◆ What you have to do:
Print the lines below from the line with "Ghana - 5 Cedis" to the line with "Juicy peach moonstone" exactly, keeping both ends, and print no pictures.

[Dataset content]

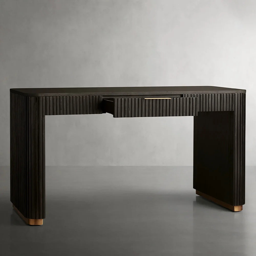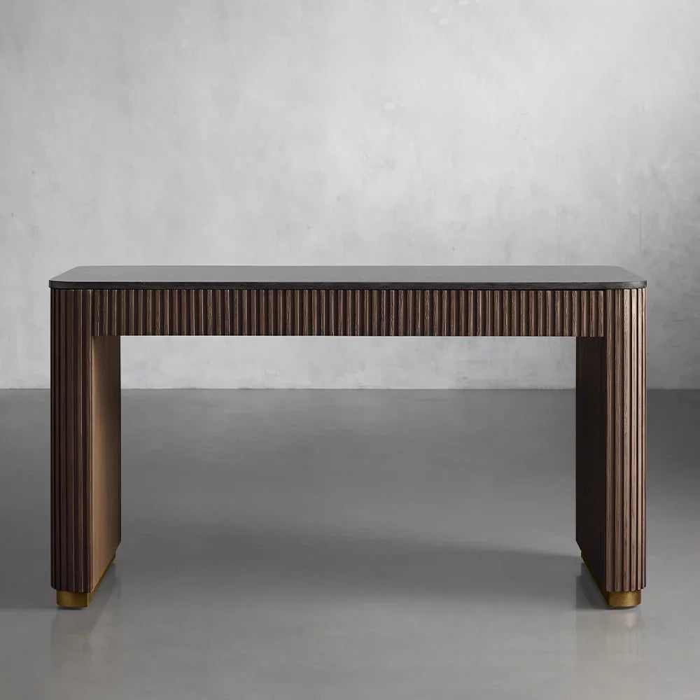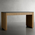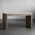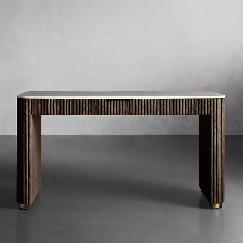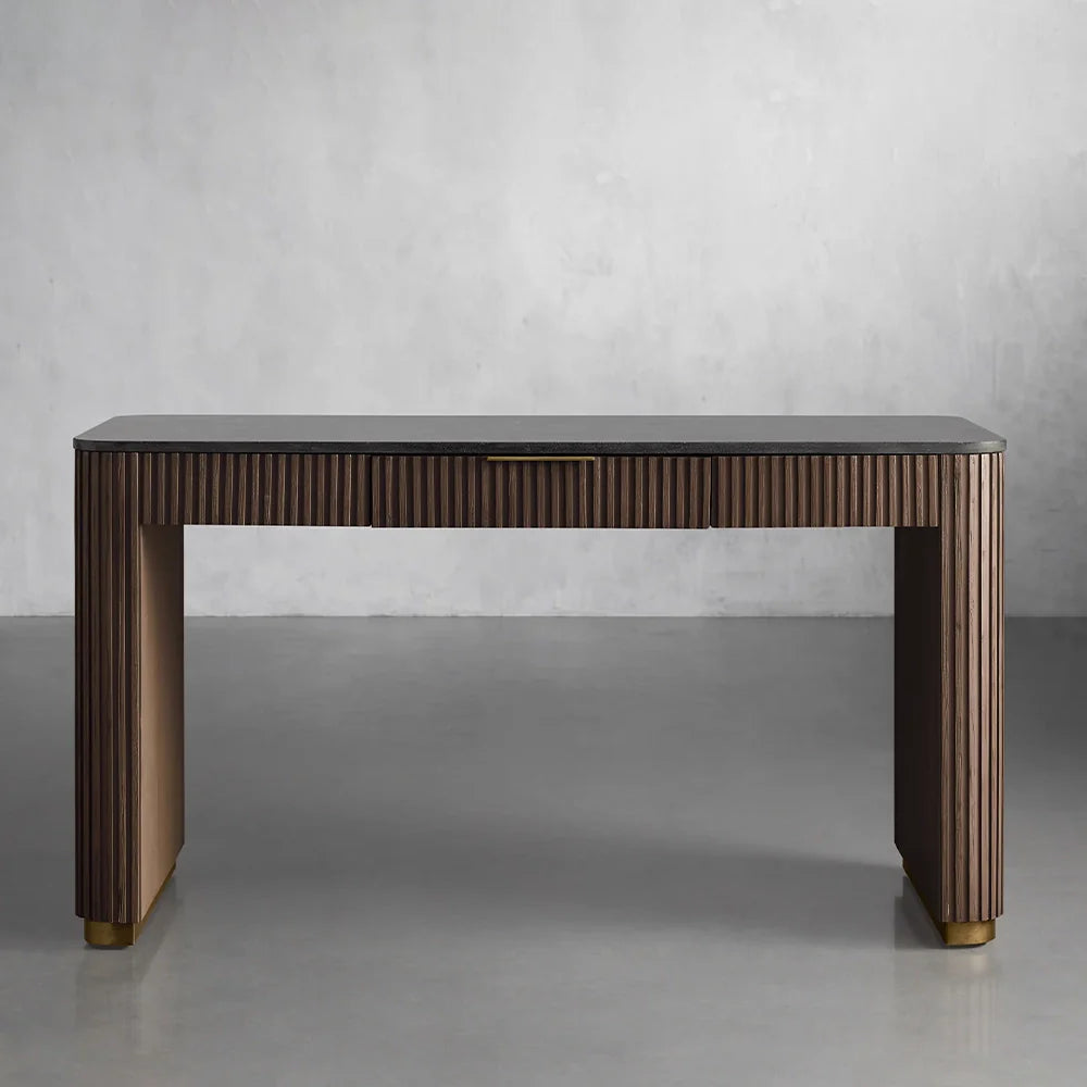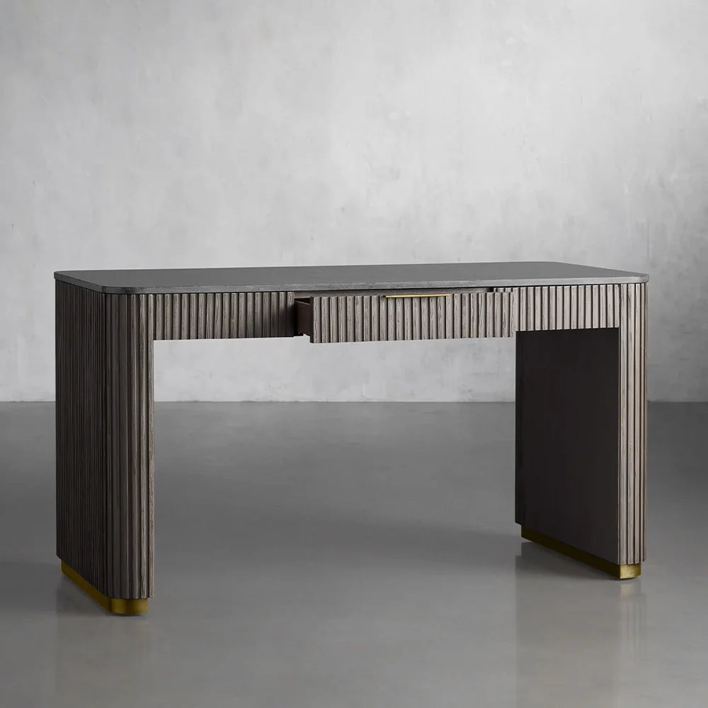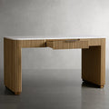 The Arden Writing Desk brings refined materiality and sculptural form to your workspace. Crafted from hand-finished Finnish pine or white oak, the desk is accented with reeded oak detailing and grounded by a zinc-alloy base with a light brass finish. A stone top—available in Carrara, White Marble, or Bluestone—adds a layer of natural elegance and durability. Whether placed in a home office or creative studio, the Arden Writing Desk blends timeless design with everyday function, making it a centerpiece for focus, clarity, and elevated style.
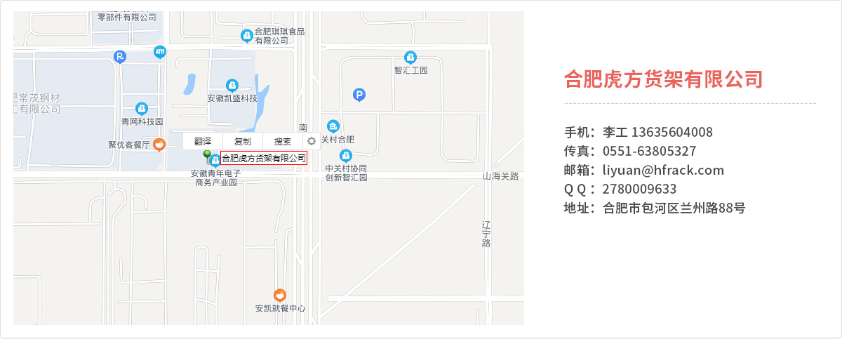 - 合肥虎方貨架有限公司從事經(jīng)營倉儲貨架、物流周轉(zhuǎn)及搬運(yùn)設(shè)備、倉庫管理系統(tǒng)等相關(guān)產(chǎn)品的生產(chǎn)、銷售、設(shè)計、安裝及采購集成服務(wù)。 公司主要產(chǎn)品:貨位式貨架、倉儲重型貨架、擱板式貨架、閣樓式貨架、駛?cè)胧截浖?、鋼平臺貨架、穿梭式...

[/Dataset content]
[Dataset content]

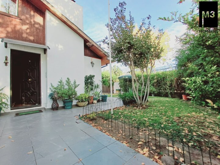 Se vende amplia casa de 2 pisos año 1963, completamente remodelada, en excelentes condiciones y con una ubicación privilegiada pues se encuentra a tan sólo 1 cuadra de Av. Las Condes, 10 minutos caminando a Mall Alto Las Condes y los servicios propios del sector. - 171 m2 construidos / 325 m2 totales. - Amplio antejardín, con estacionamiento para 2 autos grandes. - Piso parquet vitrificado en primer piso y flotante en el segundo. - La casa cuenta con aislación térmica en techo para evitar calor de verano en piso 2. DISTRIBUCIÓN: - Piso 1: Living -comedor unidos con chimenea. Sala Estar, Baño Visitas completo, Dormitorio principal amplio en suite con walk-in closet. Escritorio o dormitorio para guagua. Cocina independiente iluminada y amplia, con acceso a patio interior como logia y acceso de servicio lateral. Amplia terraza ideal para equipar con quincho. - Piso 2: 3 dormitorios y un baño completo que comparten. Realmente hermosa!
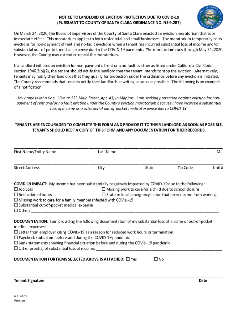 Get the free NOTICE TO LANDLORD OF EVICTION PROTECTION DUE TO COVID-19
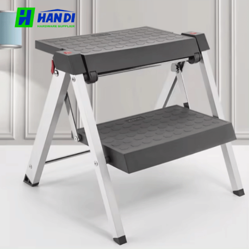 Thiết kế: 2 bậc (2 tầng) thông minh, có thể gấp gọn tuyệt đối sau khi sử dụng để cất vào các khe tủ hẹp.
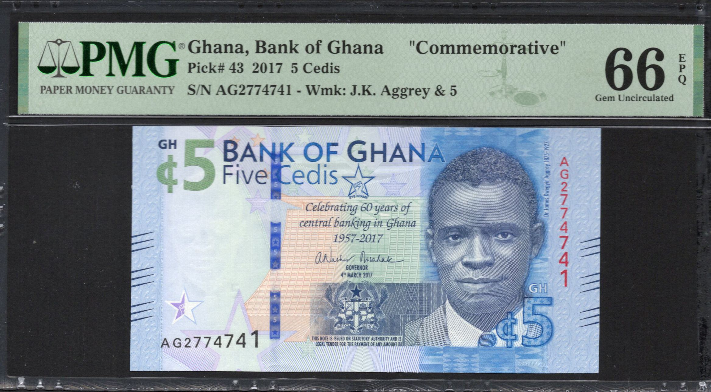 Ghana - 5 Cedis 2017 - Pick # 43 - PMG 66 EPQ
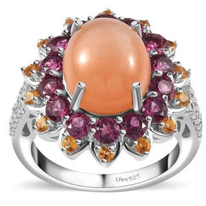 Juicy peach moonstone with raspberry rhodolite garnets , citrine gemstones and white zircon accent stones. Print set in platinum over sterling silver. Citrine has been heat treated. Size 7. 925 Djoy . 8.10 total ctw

[/Dataset content]

◆ Expected answer:
 Ghana - 5 Cedis 2017 - Pick # 43 - PMG 66 EPQ
 Juicy peach moonstone with raspberry rhodolite garnets , citrine gemstones and white zircon accent stones. Print set in platinum over sterling silver. Citrine has been heat treated. Size 7. 925 Djoy . 8.10 total ctw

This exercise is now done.